# Lubricate S. B. CL175c apron



## ironhorse18 (Jun 9, 2017)

I have a question.  First off, the lathe I bought isn't a CL185c, it's a CL175c.  So much for that.  I have drained the apron of oil which was very nasty.  Now I need to fill it with kerosene or diesel fuel for cleaning.  How do you fill the apron?  I thought it would be similar to my Logan with screw or removable cap of sorts on the top of the apron.  There is a stainless looking screw on the top left hand side that appears to be in the correct location, but it didn't want to loosen.  So,,, I thought I'd better seek the advice of the experts!

Thank you,
 steve      ironhorse18@frontier.com


----------



## LucknowKen (Jun 10, 2017)

ironhorse18 said:


> Now I need to fill it with kerosene or diesel fuel for cleaning.  How do you fill the apron?  So,,, I thought I'd better seek the advice of the experts..

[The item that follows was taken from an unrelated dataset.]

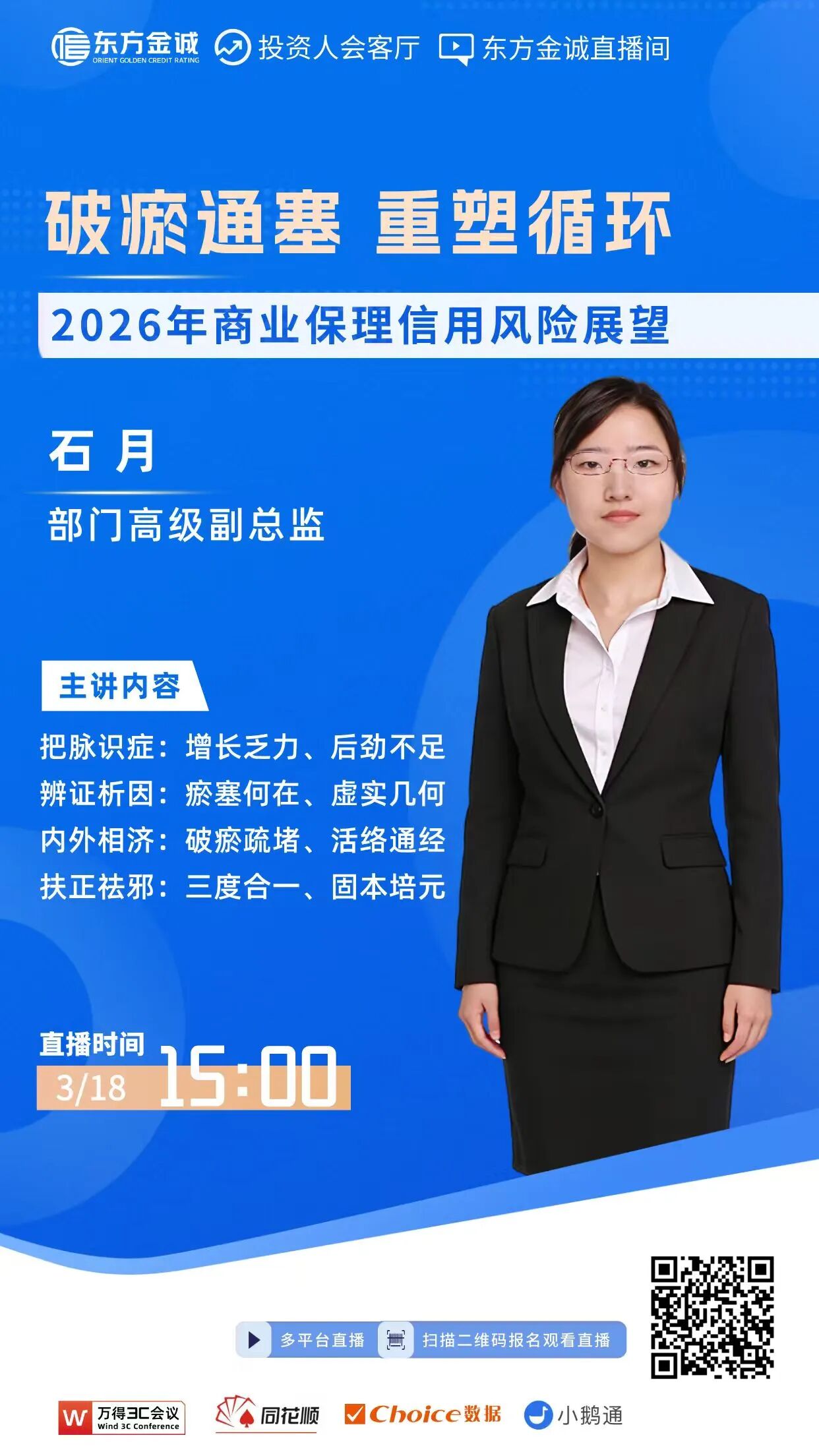 为了更好地发挥金诚研究“三个服务”的作用,进一步强化与社会各界的学习、研讨和交流,东方金诚计划于2026年3月18日(周三)15:00,组织“破瘀通塞,重塑循环——2026年商业保理信用风险展望”线上交流会,分享我们关于相关领域的思考和研究。

Hey Steve: Is there a Gits oiler to the left of the cross feed lever/ star wheel? Removing the apron might be a good idea. (I am not an expert.)
On the lubrication chart marked "oil reservoir".
Congratulations on the SBL.


----------



## ironhorse18 (Jun 10, 2017)

LucknowKen said:


> Hey Steve: Is there a Gits oiler to the left of the cross feed lever/ star wheel? Removing the apron might be a good idea. (I am not an expert.)
> On the lubrication chart marked "oil reservoir".
> Congratulations on the SBL.




Perfect!  I have downloaded the file, and will print out a copy then take it to the shop.  I appreciate your help.   This information you have given me is really beneficial.   When I bought the Logan 821 I was lucky enough to get the original parts list and manual that came with the machine.  Now I realize just how lucky that really was.  There doesn't seem to be as much data floating around on the South Bend CL175c.

Thanks again,
steve 

ironhorse18@frontier.com


----------